2ème lecture : (1Co 12, 31; 13, 1-13)

Frères,
Parmi les dons de Dieu, vous cherchez à obtenir ce qu'il y a de meilleur. Eh bien, je vais vous indiquer une voie supérieure à toutes les autres J'aurais beau parler toutes les langues de la terre et du ciel, si je n'ai pas la charité, s'il me manque l'amour, je ne suis qu'un cuivre qui résonne, une cymbale retentissante. J'aurais beau être prophète, avoir toute la science des mystères et toute la connaissance de Dieu, et toute la foi jusqu'à transporter les montagnes, s'il me manque l'amour, je ne suis rien.

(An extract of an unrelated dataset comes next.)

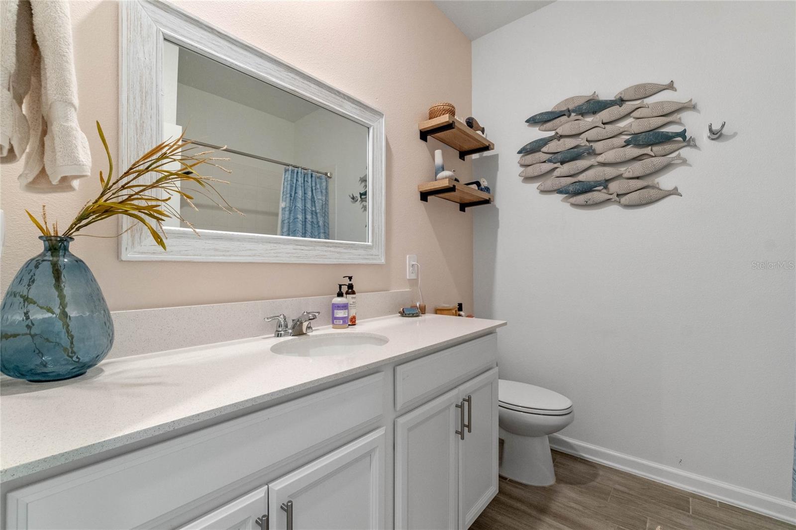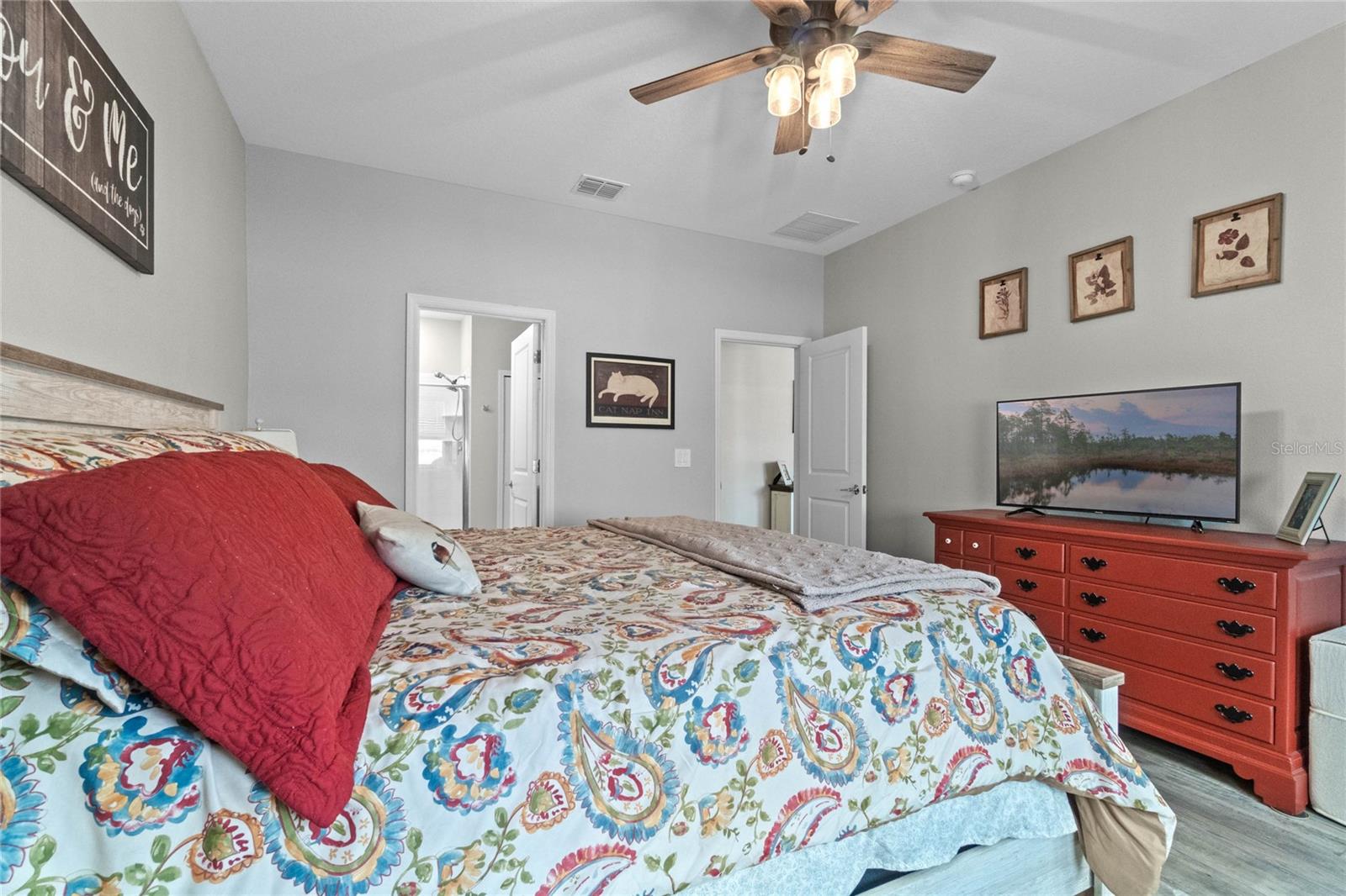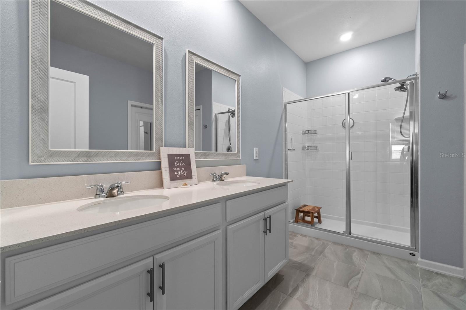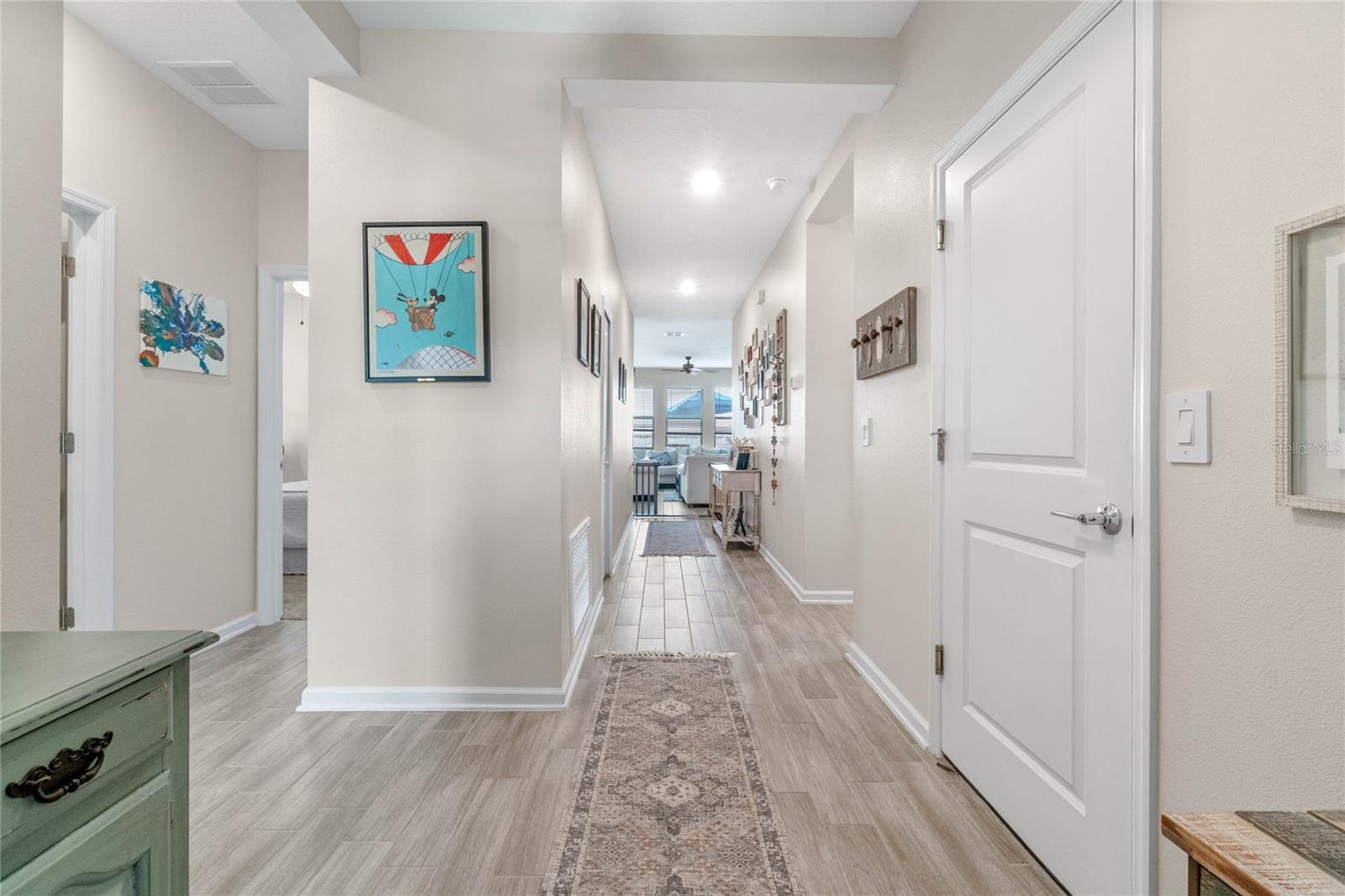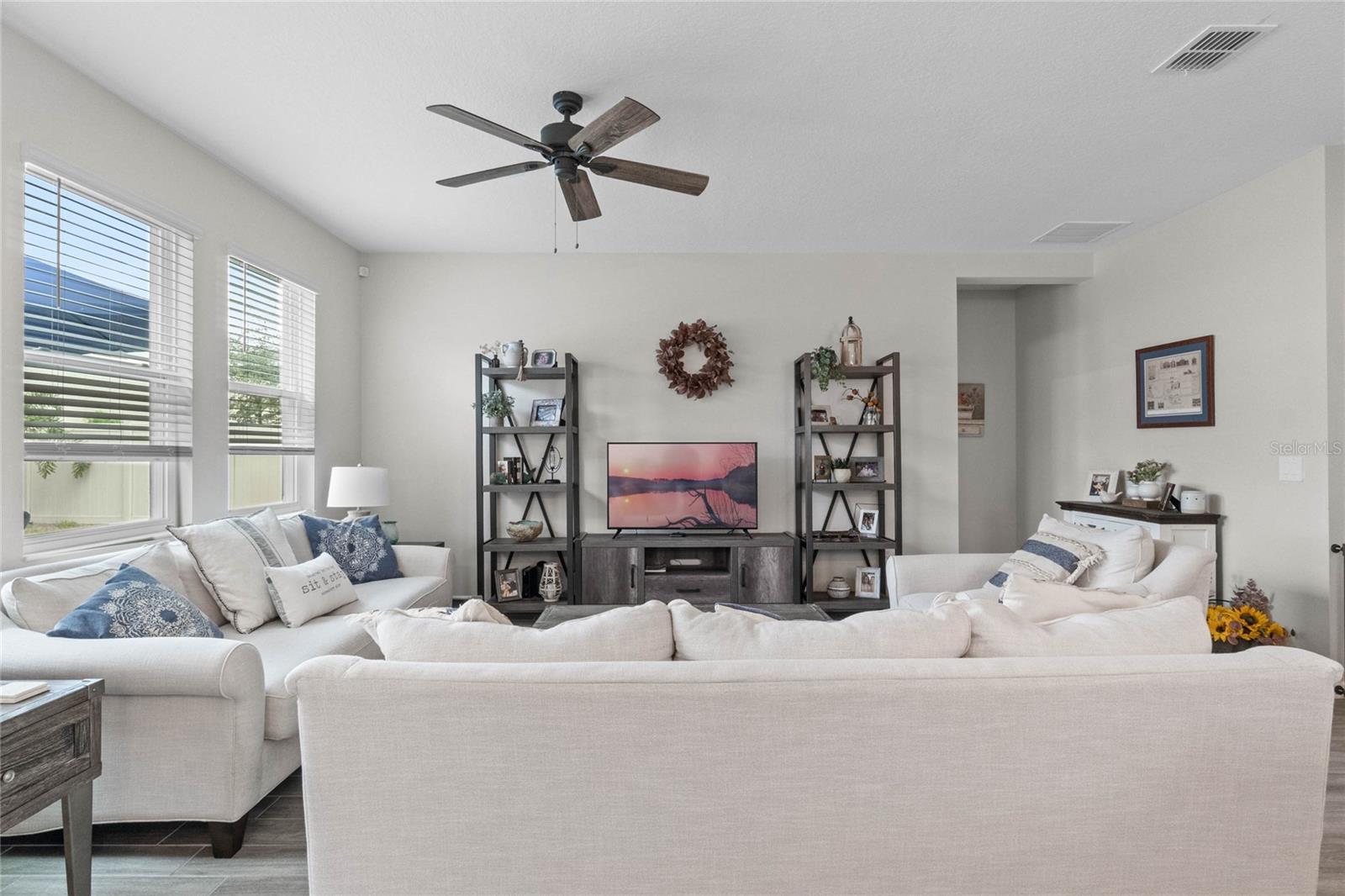 Welcome to 757 Citrus Reserve, a beautifully upgraded 4-bedroom, 2-bathroom home in the heart of Davenport. This property stands out with its thoughtful design choices, modern enhancements, and true Florida living atmosphere. Whether you're a growing family, someone who loves to entertain, or simply looking for a serene retreat, this home has it all. As you approach the property, the curb appeal immediately impresses. The upgraded landscaping creates a lush and inviting exterior, complemented by a striking glass front door that offers a modern touch while allowing natural light to flood the foyer. One of the standout features of this home is its open-concept design, which makes the space feel bright and airy. The kitchen is a chef’s dream, featuring brand-new cabinetry, a farmhouse sink, and stunning waterfall quartz countertops. The wood-look plank tile in the kitchen area adds both durability and elegance, perfect for easy maintenance while delivering a warm, modern aesthetic. For those who appreciate a sleek, organized space, under-cabinet automatic lighting offers an added touch of luxury, ensuring that every corner of the kitchen is well-lit. Adjacent to the kitchen, the dining and living areas flow seamlessly, providing ample room for gatherings. The master suite offers a peaceful retreat with a spacious walk-in closet and plenty of storage space, perfect for keeping your belongings organized. The additional bedrooms are equally well-appointed, offering comfortable spaces for family members or guests. With three full bathrooms, including tastefully upgraded finishes, every family member or visitor will enjoy their own private space. The functional layout makes this home ideal for hosting friends and family. The upgrades continue outside, where you'll find an extended screened-in patio that offers additional living space for relaxing or entertaining year-round. The backyard is a true oasis, featuring a sparkling saltwater pool surrounded by pavers and elegant travertine. The electric pool heater allows for year-round enjoyment, making this outdoor area the perfect spot to unwind after a long day. The fully fenced yard provides privacy and security, making it a great space for pets, children, or simply enjoying the beautiful Florida weather. Additional features of the home include pull-down attic steps with the attic lined in plywood for extra storage space, garage cabinets and shelving for optimal organization, and laundry cabinets for added convenience. The washer and dryer are included, making this home truly move-in ready. Every detail has been carefully considered to maximize storage and functionality. 757 Citrus Reserve is part of a community that offers additional amenities such as a pool, and dog park, making it the perfect environment for family living. The prime location in Davenport provides easy access to nearby schools, shopping centers, restaurants, and major highways, ensuring that everything you need is just a short drive away. This home has been meticulously upgraded and is ready for its next owner to enjoy all the luxury and comfort that it provides. With its modern design, thoughtful upgrades, and unbeatable location, 757 Citrus Reserve is a true Florida oasis waiting to welcome you home. Don't miss the opportunity to make this exceptional property yours!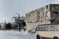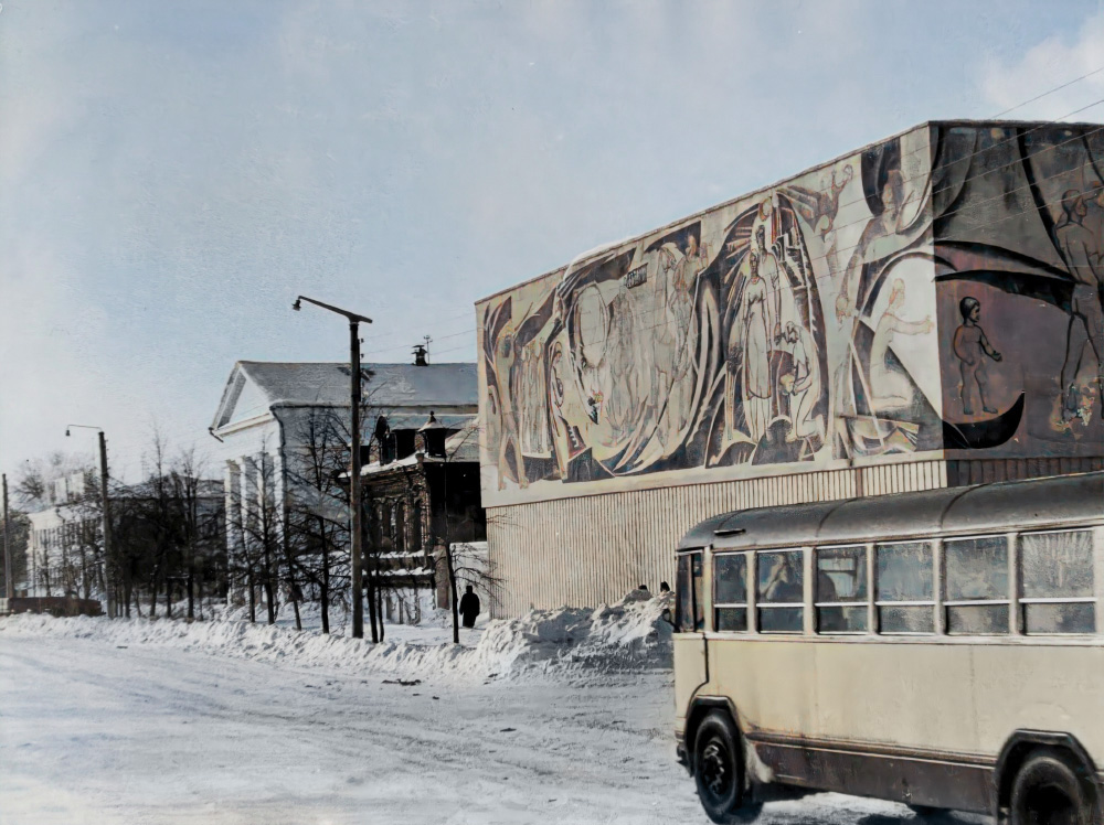 Интересно не кто снимал, а кто художник. Для 1970 года панно выглядит очень нестандартно и даже авангардно, такое вполне могли не понять в то время, со всеми вытекающими последствиями для автора. Убери древний автобус, так вообще как современный стрит-арт.

J'aurais beau distribuer toute ma fortune aux affamés, j'aurais beau me faire brûler vif, s'il me manque l'amour, cela ne me sert à rien.  L'amour prend patience ; l'amour rend service ; l'amour ne jalouse pas ; il ne se vante pas, ne se gonfle pas d'orgueil ; il ne fait rien de malhonnête ; il ne cherche pas son intérêt ; il ne s'emporte pas ; il n'entretient pas de rancune ; il ne se réjouit pas de ce qui est mal, mais il trouve sa joie dans ce qui est vrai ; il supporte tout, il fait confiance en tout, il espère tout, il endure tout. L'amour ne passera jamais. Un jour, les prophéties disparaîtront, le don des langues cessera, la connaissance que nous avons de Dieu disparaîtra. En effet, notre connaissance est partielle, nos prophéties sont partielles. Quand viendra l'achèvement, ce qui est partiel disparaîtra. Quand j'étais un enfant, je parlais comme un enfant, je pensais comme un enfant, je raisonnais comme un enfant. Maintenant que je suis un homme, j'ai fait disparaître ce qui faisait de moi un enfant. Nous voyons actuellement une image obscure dans un miroir ; ce jour-là, nous verrons face à face. Actuellement ma connaissance est partielle ; ce jour-là, je connaîtrai vraiment, comme Dieu m'a connu. Ce qui demeure aujourd'hui, c'est la foi, l'espérance et la charité ; mais la plus grande des trois, c'est la charité.

Evangile : (Lc 4, 21-30)

Dans la synagogue de Nazareth, après la lecture du livre d’Isaïe, Jésus déclara : « Cette parole de l’Écriture que vous venez d’entendre, c’est aujourd’hui qu’elle s’accomplit. » Tous lui rendaient témoignage ; et ils s'étonnaient du message de grâce qui sortait de sa bouche. Ils se demandaient : « N'est-ce pas là le fils de Joseph ? » Mais il leur dit : « Sûrement vous allez me citer le dicton : 'Médecin, guéris-toi toi-même. Nous avons appris tout ce qui s'est passé à Capharnaüm : fais donc de même ici dans ton pays !' »  Puis il ajouta : « Amen, je vous le dis : aucun prophète n'est bien accueilli dans son pays. En toute vérité, je vous le déclare : Au temps du prophète Élie, lorsque la sécheresse et la famine ont sévi pendant trois ans et demi, il y avait beaucoup de veuves en Israël ; pourtant Élie n'a été envoyé vers aucune d'entre elles, mais bien à une veuve étrangère, de la ville de Sarepta, dans le pays de Sidon. Au temps du prophète Élisée, il y avait beaucoup de lépreux en Israël ; pourtant aucun d'eux n'a été purifié, mais bien Naaman, un Syrien. » A ces mots, dans la synagogue, tous devinrent furieux. Ils se levèrent, poussèrent Jésus hors de la ville, et le menèrent jusqu'à un escarpement de la colline où la ville est construite, pour le précipiter en bas. Mais lui, passant au milieu d'eux, allait son chemin.